When the crawler meets the anti-climbing: what to do when the ordinary IP is limited?
Crawler old drivers understand, now the site's anti-climbing mechanism is more and more perverted. Last week with their own home broadband IP crawl data, at first quite smooth, the results of the next day directly to my blacklist. At this time we have to move out of our savior -Dynamic Proxy IP Pool. As if playing the game to open a small number, each request for a new identity, so that the anti-pickpocket system can not feel the law.
Insert hard copy here (requested by the boss):Short-lived proxy pool for ipipgoTested to work, 5 minutes to automatically change IP, support http/https/socks5 three protocols. The key is200+ city server room nodes nationwideIf you want to disguise yourself as a user anywhere, you can. Here we use NodeJS + Puppeteer to get a real battle.
Puppeteer Basic Configuration Treadmill
Start by installing puppeteer-extra and the stealth plugin, don't use the native libraries. Here's a pitfall: chromium exposes headless features by default, you have to add a few parameters to disguise them:
const puppeteer = require('puppeteer-extra');
const StealthPlugin = require('puppeteer-extra-plugin-stealth');
puppeteer.use(StealthPlugin());
async function launchBrowser() {
const browser = await puppeteer.launch({
headless: "new",
args: [
'--disable-web-security',
' --proxy-server=http://username:password@proxy.ipipgo.com:9020',
'--lang=zh-cn',
'--disable-blink-features=AutomationControlled'
]
}); return browser; }); }); }); }); }); })
return browser; }
}
take note ofProxy-server parameter formatThe username and password of ipipgo should be replaced with your own. Here's a good idea: hang the proxy directly in args, it's more stable than setting it up in page.
IP Rotation Strategy Life and Death
It's not enough to hang an agent. You have to learn.Intelligent IP switching. It is recommended to set up double insurance:
| trigger condition | response strategy |
|---|---|
| 3 consecutive failed requests | Switch to new IP immediately |
| Single IP usage over 10 minutes | Active Release Connection |
| Encountering CAPTCHA blocking | Switching city nodes |
Real-world code snippet:
let retryCount = 0;
async function safeVisit(url) {
await page.goto(url, {timeout: 60000}); async function
await page.geto(url, {timeout: 60000}); }; async function let safeVisit(url) { try {
} catch (e) {
if(retryCount++ >= 3) {
await rotateProxy(); // call ipipgo's API to change IPs
retryCount = 0; }
}
}
}
Practical: e-commerce price monitoring script
As an example, an e-commerce platform (without writing a specific name) needs to capture the price of a product. Here's one.anti-reverse crawl techniqueThe first proxy IP to access the product list page, and then use the real IP to check the details page. Because the list page wind control is strict, the details page is relatively loose.

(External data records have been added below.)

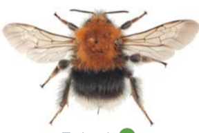
Trehumle ● Bombus hypnorum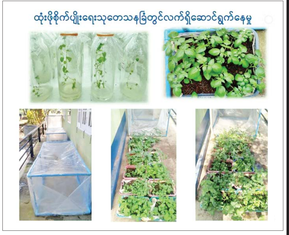
ထုံးဖိုစိုက်ပျိုးရေးသုတေသနမြူတွင်လက်ရှိဆောင်ရွက်နေမှု

စိုက်ပျိုးတောင်သူများ အကျိုးဖြစ်ထွန်းမည့် အာလူးစိုက်ပျိုးထုတ်လုပ်မှုအတွက် ပိုးမွှားကင်းစင်သောမျိုးအာလူးများ အသုံးပြုရန်လိုအပ်သည်။ သို့အတွက် မျိုးကောင်းမျိုးသန့်များစွာ ရရှိရန်အတွက် အပင်တစ်သျှူးကာချာနည်းပညာဖြင့် မွေးမြူထုတ်လုပ်ရသည်။ ယင်းနည်းပညာဖြင့် ရရှိလာသည့်မျိုးပင်ငယ်များကို အဆင့်ဆင့်စိုက်ပျိုးပြီးမှ မျိုးအာလူးထုတ်လုပ်ခြင်းဖြစ်သည်။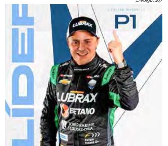
Felipe Massa chega na liderança e foca em trabalho em equipe para manter os bons resultados com amplas chances de conquistar seu primeiro título na categoria.

Restam ainda cinco etapas e 685 pontos em jogo, portanto um longo caminho adiante. Mas Felipe entende que tem totais condições de seguir entre os primeiros e chegar ao fim da temporada, em 15 de dezembro,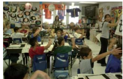
お習字できるかな (フロリダ)

Configure ipipgo'son-demand billing packageBest value, use the 80% proxy traffic for the tight wind control sessions. Remember to turn on theirIntelligent Routingfunction that automatically selects the node with the lowest latency.
question-and-answer session
Q: What should I do if my proxy IP often times out?
A: 80% of them are using a public proxy pool. Switch to ipipgo'sDedicated bandwidth linesIf TCP long connection multiplexing is enabled in the background, it can reduce the timeout rate of 60%.
Q: How do I break the human verification when I encounter it?
A: Don't be tough, switch IPs immediately while modifying your browser fingerprints. ipipgoMulti-protocol supportIt is possible to mix socks5 and http proxies to increase camouflage diversity.
Q: How do I get high concurrency when I need it?
A: Use theirport aggregation technology, a single account can initiate 500+ connections at the same time. Remember to do distributed scheduling with puppeteer-cluster, don't burst the nodejs process.
One final rant: many websites now use theIP Behavior Analysis, it's not enough to change IPs, you have to control the frequency of visits. Put ipipgo'srequest interval policyUse it in conjunction with the browser's random delay to run data consistently over time.